To do: Nothing outside the range is to be copied. From the entries below, reproduce exactly the lines starting at the one with "XVII zwyczajna sesja" and ending at the one with "L’AFPEN vous invite", without pictures.

Excerpted records:

/---

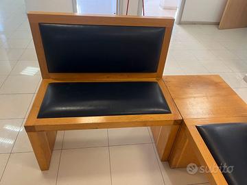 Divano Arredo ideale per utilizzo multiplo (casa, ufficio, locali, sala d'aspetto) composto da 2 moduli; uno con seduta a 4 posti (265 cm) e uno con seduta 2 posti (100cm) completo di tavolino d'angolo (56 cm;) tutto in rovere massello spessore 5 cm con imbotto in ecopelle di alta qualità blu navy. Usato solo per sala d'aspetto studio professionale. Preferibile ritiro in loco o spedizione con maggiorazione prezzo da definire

\---
/---

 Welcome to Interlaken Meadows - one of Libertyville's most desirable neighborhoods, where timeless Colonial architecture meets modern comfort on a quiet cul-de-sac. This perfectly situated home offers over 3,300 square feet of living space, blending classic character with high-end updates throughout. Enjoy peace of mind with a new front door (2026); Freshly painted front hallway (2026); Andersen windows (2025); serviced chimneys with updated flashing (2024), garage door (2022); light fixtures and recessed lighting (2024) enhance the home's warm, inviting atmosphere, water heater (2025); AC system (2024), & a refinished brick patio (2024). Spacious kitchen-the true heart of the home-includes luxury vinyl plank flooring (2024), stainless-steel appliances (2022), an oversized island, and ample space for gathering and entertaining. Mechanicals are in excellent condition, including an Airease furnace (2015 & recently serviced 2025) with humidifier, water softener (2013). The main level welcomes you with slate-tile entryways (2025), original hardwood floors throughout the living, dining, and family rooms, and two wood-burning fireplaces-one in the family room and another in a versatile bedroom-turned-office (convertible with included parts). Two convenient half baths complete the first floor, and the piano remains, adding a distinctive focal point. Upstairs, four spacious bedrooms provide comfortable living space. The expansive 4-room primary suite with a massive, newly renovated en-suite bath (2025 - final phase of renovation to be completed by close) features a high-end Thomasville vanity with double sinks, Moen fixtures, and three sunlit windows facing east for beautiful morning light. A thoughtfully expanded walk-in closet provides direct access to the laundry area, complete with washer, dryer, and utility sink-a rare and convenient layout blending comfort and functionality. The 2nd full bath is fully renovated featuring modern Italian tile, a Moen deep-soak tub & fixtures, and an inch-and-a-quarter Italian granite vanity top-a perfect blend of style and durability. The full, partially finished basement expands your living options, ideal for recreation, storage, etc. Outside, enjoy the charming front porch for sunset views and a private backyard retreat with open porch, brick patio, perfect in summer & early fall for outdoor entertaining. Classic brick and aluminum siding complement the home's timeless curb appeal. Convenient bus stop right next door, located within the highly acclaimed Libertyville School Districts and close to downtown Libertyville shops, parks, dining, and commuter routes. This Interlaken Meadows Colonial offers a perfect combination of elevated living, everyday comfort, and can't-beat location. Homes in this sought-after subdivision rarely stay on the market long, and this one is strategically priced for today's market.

\---
/---

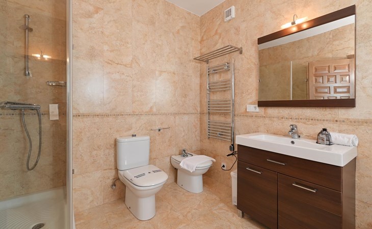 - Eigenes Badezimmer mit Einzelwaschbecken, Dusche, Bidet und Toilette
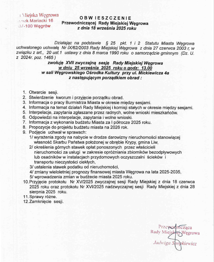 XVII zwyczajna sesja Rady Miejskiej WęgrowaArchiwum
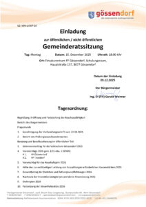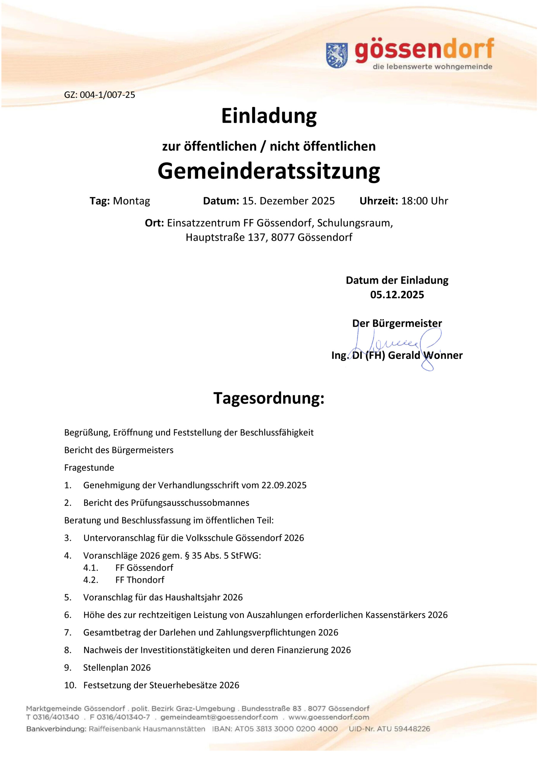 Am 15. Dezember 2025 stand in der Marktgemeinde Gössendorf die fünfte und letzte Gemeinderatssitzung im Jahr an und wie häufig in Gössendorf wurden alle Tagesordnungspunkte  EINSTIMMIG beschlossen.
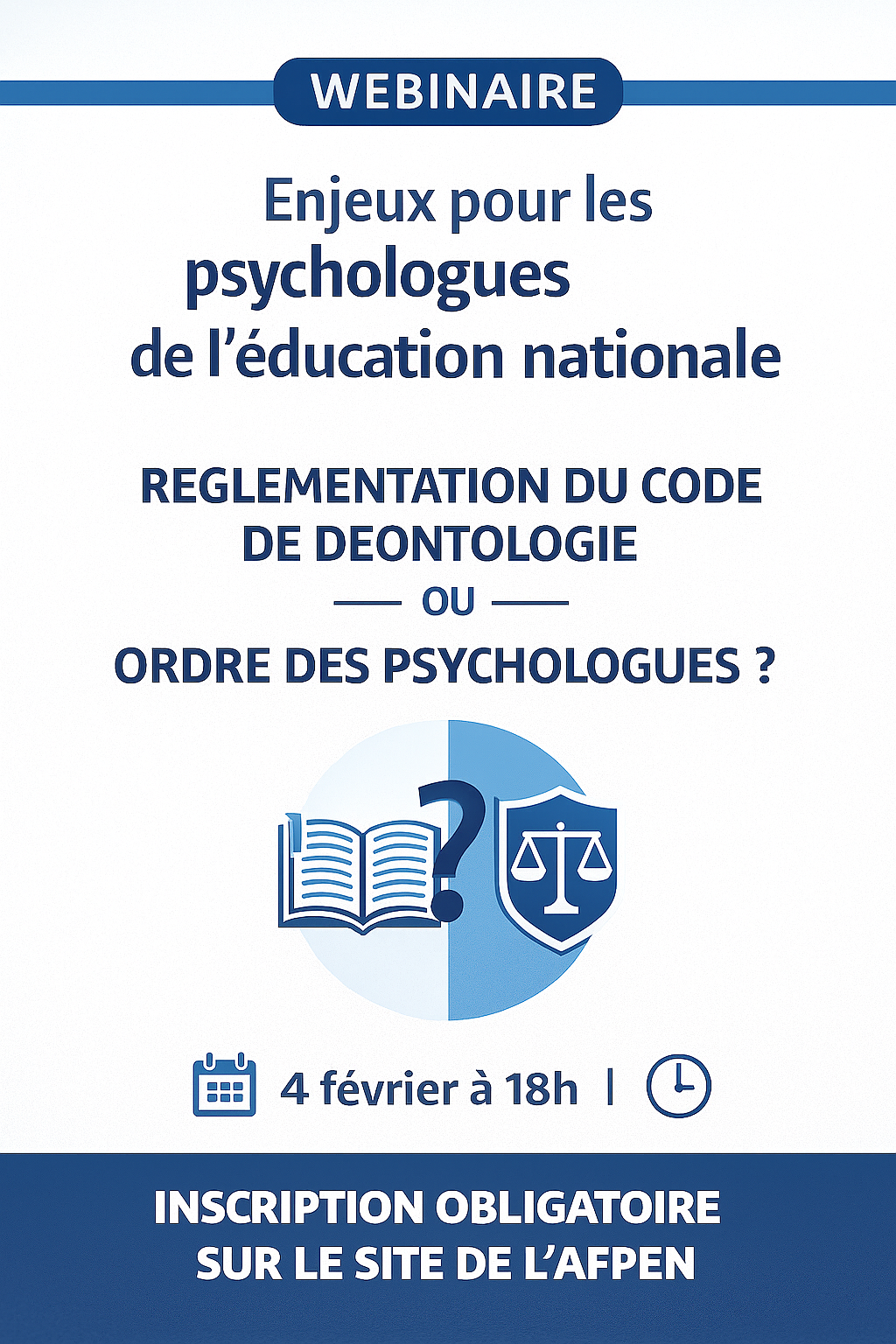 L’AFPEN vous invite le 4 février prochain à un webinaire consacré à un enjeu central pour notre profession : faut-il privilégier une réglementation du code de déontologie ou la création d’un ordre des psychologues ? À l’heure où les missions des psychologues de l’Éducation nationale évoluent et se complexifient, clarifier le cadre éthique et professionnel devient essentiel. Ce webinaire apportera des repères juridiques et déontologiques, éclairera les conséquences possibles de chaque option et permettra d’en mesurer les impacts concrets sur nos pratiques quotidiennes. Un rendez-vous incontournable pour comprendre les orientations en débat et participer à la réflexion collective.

\---

Solution for this task:
 XVII zwyczajna sesja Rady Miejskiej WęgrowaArchiwum
 Am 15. Dezember 2025 stand in der Marktgemeinde Gössendorf die fünfte und letzte Gemeinderatssitzung im Jahr an und wie häufig in Gössendorf wurden alle Tagesordnungspunkte  EINSTIMMIG beschlossen.
 L’AFPEN vous invite le 4 février prochain à un webinaire consacré à un enjeu central pour notre profession : faut-il privilégier une réglementation du code de déontologie ou la création d’un ordre des psychologues ? À l’heure où les missions des psychologues de l’Éducation nationale évoluent et se complexifient, clarifier le cadre éthique et professionnel devient essentiel. Ce webinaire apportera des repères juridiques et déontologiques, éclairera les conséquences possibles de chaque option et permettra d’en mesurer les impacts concrets sur nos pratiques quotidiennes. Un rendez-vous incontournable pour comprendre les orientations en débat et participer à la réflexion collective.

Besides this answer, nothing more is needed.